Are ITEE engineers getting a bad rap? Tuesday, 16 February 2016

News article written by Corbett Communications. The statements made or opinions expressed do not necessarily reflect the views of Engineers Australia.

Whether Australia’s mobile, broadband or banking networks go down due to “an embarrassing human error” as Telstra recently declared, a botched upgrade or other technology failure, use of the word “outage” has come into the vernacular with startlingly frequent use, as well as the subsequent corporate apology. But are the engineers behind the networks getting a bad rap where the blame may lay more in corporate decision-making?

Just over a week ago, Telstra mobile customers experienced a mass outage across a number of states, leaving them without any service due to a “node malfunction”. Ten nodes across Telstra enables the company to manage traffic and connections for voice and data right across Australia, chief operations officer Kate McKenzie revealed.

“Normally we could take down three or four of those nodes but on this occasion the correct procedure was not followed,” she said. "The outage was triggered when one of these nodes experienced a technical fault and was taken offline to fix.”

The Telstra outage resulted in disconnections and heavy congestion on the nodes that remained, causing in some areas, potential life-threatening situations such as in Western Australia’s Myalup fire zone where the SMS and online warning system went down.

ITEE College chair Geoff Sizer said blaming the recent Telstra outage simply on human error on the part of an individual undertaking maintenance activities overlooked key issues.

“Having a system design which is apparently vulnerable to a single point of failure is inconsistent with sound mission-critical system design and risk management practices,” he said. 

“Assuming that this was a known vulnerability, the maintenance action should have been supervised and cross-checked.
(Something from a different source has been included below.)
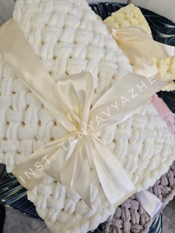 Плед одеяло для детей Ручная работа Пряжа Alize Puffy (Турция) Гипоаллергенная. Подходит для детей +0 Теплый, мягкий на ощупь

It is also of concern that when it occurred, the problem seems to have taken excessive time to recognise and rectify.”

In December, also in WA, almost 46,000 iiNet customers were without the internet due to “a major fault”, disconnecting them and leaving them without broadband service for up to 36 hours.
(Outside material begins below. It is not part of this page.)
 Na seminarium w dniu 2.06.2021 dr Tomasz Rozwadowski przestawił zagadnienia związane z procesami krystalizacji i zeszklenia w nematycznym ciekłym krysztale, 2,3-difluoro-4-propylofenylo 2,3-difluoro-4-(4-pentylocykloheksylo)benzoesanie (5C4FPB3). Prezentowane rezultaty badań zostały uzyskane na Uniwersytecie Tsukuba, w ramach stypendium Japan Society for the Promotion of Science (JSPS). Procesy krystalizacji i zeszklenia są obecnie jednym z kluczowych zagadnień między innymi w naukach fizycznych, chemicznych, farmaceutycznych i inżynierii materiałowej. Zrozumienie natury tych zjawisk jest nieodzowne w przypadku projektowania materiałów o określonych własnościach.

"Engineers are continuing to work with our vendor to identify the root cause of the issue," the website said. "Works are also currently underway to redirect affected customers to alternate networking hardware to reduce impact," iiNet stated at the time.

Telecommunications engineer and Immediate Past Chair of the ITEE College Peter Hitchiner told Monitor that attention to risk management is an essential part of corporate governance; that there is no endeavour without risk so engineers design to minimise risk to what is affordable. 

“The community has grown accustomed to the relying on telecommunications and data networks so the impact of failures is that much more pronounced. There is a cost associated to lowering risk whether it be in making the processes and procedures more robust or in making the networks increasingly resilient to failures,” Hitchiner said.

“If the community wants the very minimum of service unavailability designed to mitigate to the maximum extent the risk of failure it may cost more than the user is prepared to pay. There's a balancing act here and engineers are best placed to manage the risk issues.”

Optus mobile services also suffered a “major” network outage in July 2015 that affected thousands of customers across NSW, Victoria and Tasmania that lasted for at least three hours. An earlier outage in June impacted customers in NSW for several hours, after a supposed botched upgrade to its network.

"Overnight, Optus carried out some upgrade works to our network which may be causing intermittent interruptions for customers. Our technicians are working to restore services as quickly as possible. We apologise to customers and appreciate their patience."

Major outages have been a regular occurrence for the Commonwealth Bank and to a lesser degree, the other major banks, but the impact felt by customers and businesses can be enormous as in the outage concerning ATMs and credit cards throughout the October long weekend with St George.

“The problem has arisen following a regular upgrade to the bank’s computer systems over the weekend … and apologise to customers for the inconvenience that this incident has caused.”

ANZ Bank’s post to its Facebook page in November summed it up for all banks and telcos in Australia: "Our sincere apologies for the inconvenience … thank you for your patience."